Image result for optee

Overview

In today’s digital world security plays a very crucial role. Given the rise of number attacks on data, software systems and hardware platform on various institutions like banks, governments, hospitals, data centers etc, there is urgent need for highly secure mechanism to protect assets with no vulnerability left and there is huge in what being actually visioned and what being actually implemented. Fortunately, this security hole is filled with the Trusted Execution Environment (TEE). TEE is the ARM processor security extension designed and  architected with the help of security centric designed hardware and soc, and secure software extensions layers on top the hardware. This approach issolates TEE from Rich OSs or Rich Execution Environment (REE) for example linux, freebsd etc.

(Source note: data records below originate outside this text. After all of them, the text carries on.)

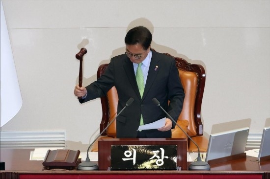 最終,在7日下午的國會全體會議上,絕大多數(shù)執(zhí)政黨議員先是對涉總統(tǒng)夫人的“金建希特檢法”投下反對票將其否決,隨后紛紛退場,拒絕參加接下來的總統(tǒng)彈劾動議案表決,導致該動議案因投票人數(shù)不足未獲通過。
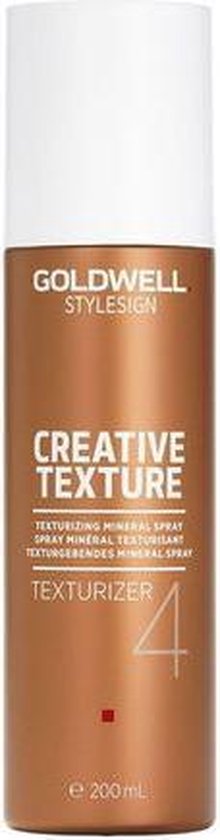 De spray voegt extra textuur toe aan het haar voor extra volume en een matte finish. Goldwell Stylesign Creative Texture Texturizer heeft een medium tot strong hold en is geschikt voor alle haartypes. Met de spray kan tevens een beachy effect gecreëerd worden. De spray bevat bovendien een UV-filter die het haar beschermt tegen UV-stralingen en kleurvervaging tegengaat.
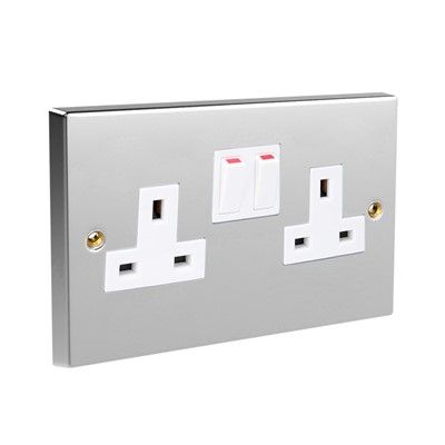 CED Switched Socket Twin 13amp Chrome White Inserts
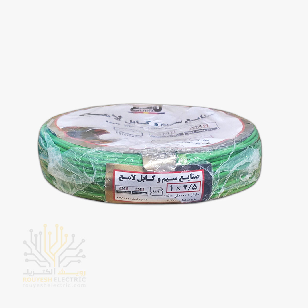 سیم برق نمره 1x2/5 برند لامع استاندارد رنگ سبز حلقه 100 متری
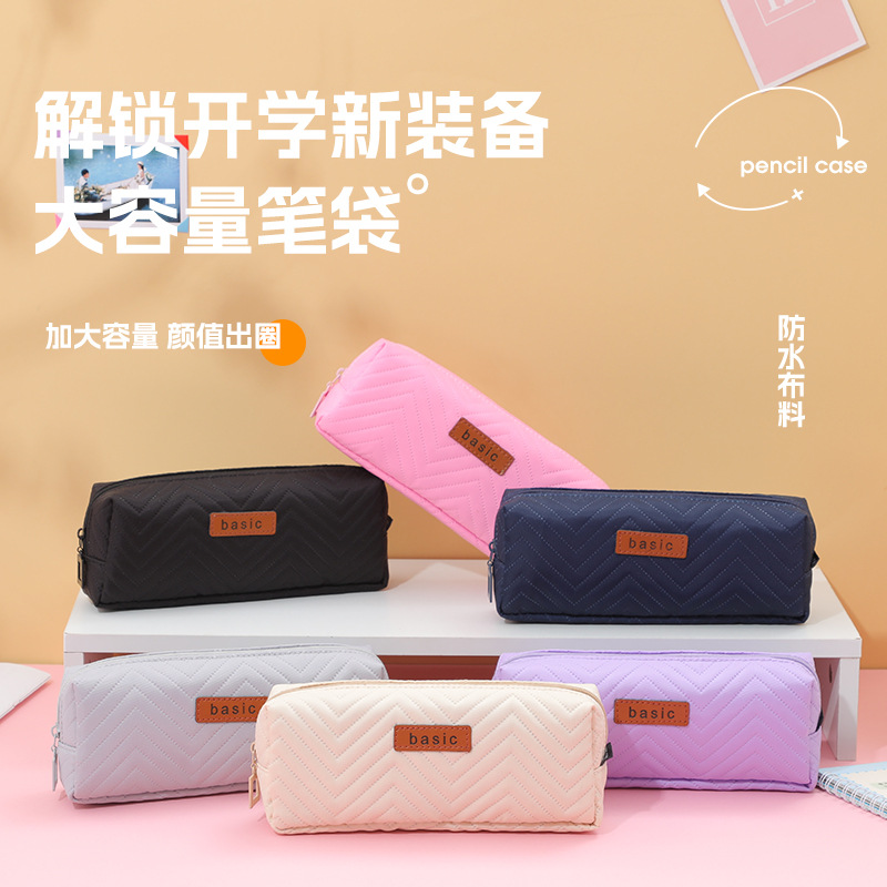 メーカー現物複合圧紋大容量筆袋学生中学生日系シンプル純色文房具袋卸売り
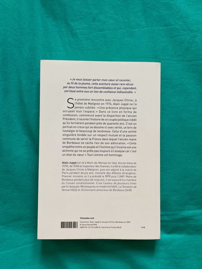 « Je veux laisser parler mon cœur et raconter, au fil de la plume, cette aventure assez rare vécue par deux hommes fort dissemblables et qui, cependant, ont tissé entre eux un lien de confiance indissoluble. » Sa première rencontre avec Jacques Chirac, à l’hôtel de Matignon en 1976, Alain Juppé ne l’a jamais oubliée : « Une présence physique qui occupait tout l’espace. » Dans ce livre en forme de confession, commencé avant la disparition de l’ancien Président, il raconte l’histoire de ce couple politique inédit qu’ils formèrent pendant près de quarante ans. C’est un portrait en creux qui se dessine ici avec vérité, un brin de nostalgie et beaucoup de tendresse. Celui d’une amitié singulière fondée sur un respect mutuel et la passion commune de servir la France dans lequel l’ancien maire de Bordeaux ne cache rien de son admiration. « Cette empathie entre un peuple et l’homme qui l’incarne est une alchimie qui ne se prête pas toujours à l’analyse car c’est un élan du cœur. » Tout comme cet hommage.
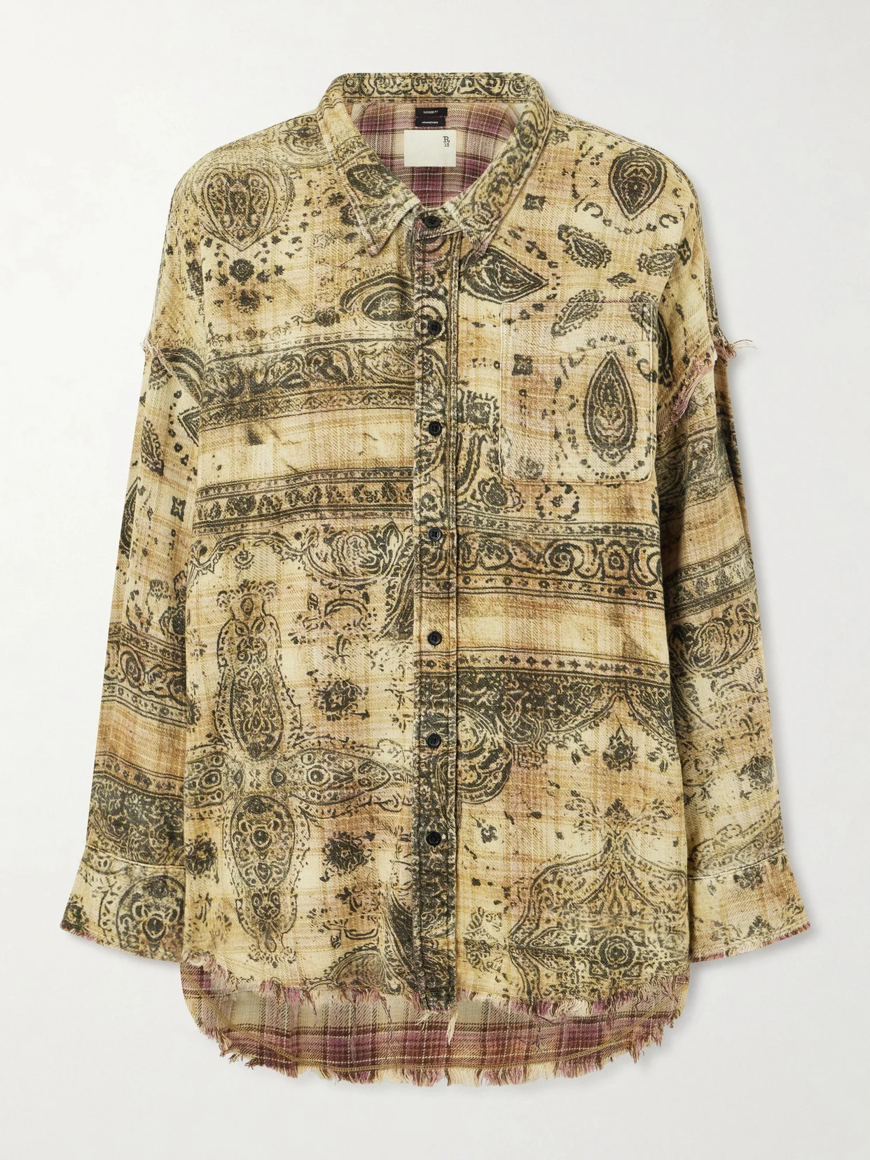 R13's shirt has a distinctly bohemian spirit. Crafted from lightweight cotton patterned with an intricate, scarf-inspired motif, it's cut in a slightly oversized silhouette with a point collar and button-fastening front. Dropped shoulders, a chest patch pocket and frayed hem lend a subtly undone finish.

OPTEE secure mechanism for embedded world

OPTEE, Open Source Portable Trusted Execution Environment is small operating system which resides in secure hardware implemented Trust Zone(TZ) RAM and executes in hardware implemented secure virtual processor. Trust zone supported hardware and software is designed carefully by keeping in eye various hardware, software, cryptographic  and application security aspects, which isolates two world Non Secure World and Secure world from top to bottom.

Secure World : which known as trusted execution environment which have trusted applications Operating system running in secure state(a state of running processor), also know as OPTEE OS.

Non Secure world: These are the normal operating system which are rich in features therefor also known as Rich Execution Environment or Rich OS. For example linux.

Non secure world and secure world switch between each other by using Secure Monitor Call (SMC) in case of ARM32 and Arm Trusted Firmware(ATF) in case of ARM64.

TEE or Secure World comprises of secure boot, Trusted OS and Trusted Applications.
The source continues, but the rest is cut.